There was also Chief Reese testifying on the ultimate question. For him, Mr. Campbell wouldn’t have been an immediate threat unless he reached hard cover, drew his weapon, and took “offensive action” towards officers. There was Assistant Chief O’Dea testifying that for a suspect to be an immediate threat from 40 feet away, “. . . they have got to have a weapon or something that is going to be able to hurt me from that distance away; they’re going to have to produce that weapon; they’re going to have to acquire me in one of the various positions of cover I might be in.”

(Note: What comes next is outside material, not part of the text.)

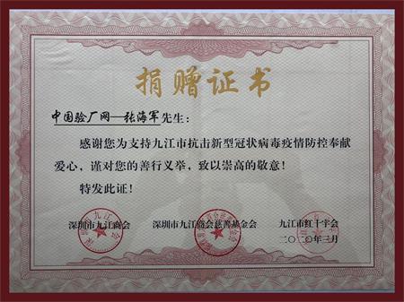 中國(guó)驗(yàn)廠(chǎng)網(wǎng)疫情防控捐贈(zèng)證書(shū)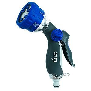 Пистолет-распылитель Green Apple GWHM12-034 - надёжный инструмент из нержавеющей стали с шестью режимами подачи воды, подходящий для полива растений, мойки поверхностей и организации стационарного орошения на даче.

All of these things were startling and were a gross deviation from the way Portland police officers are trained. In my opinion, Lt. King’s words, were the worst. Lt. King had a moral and civic obligation to conduct a full and thorough training review based on the facts; not on political pressure. He had the opportunity to stand up for basic principles of right and wrong, the basic principles of training. For whatever reason, he chose not to.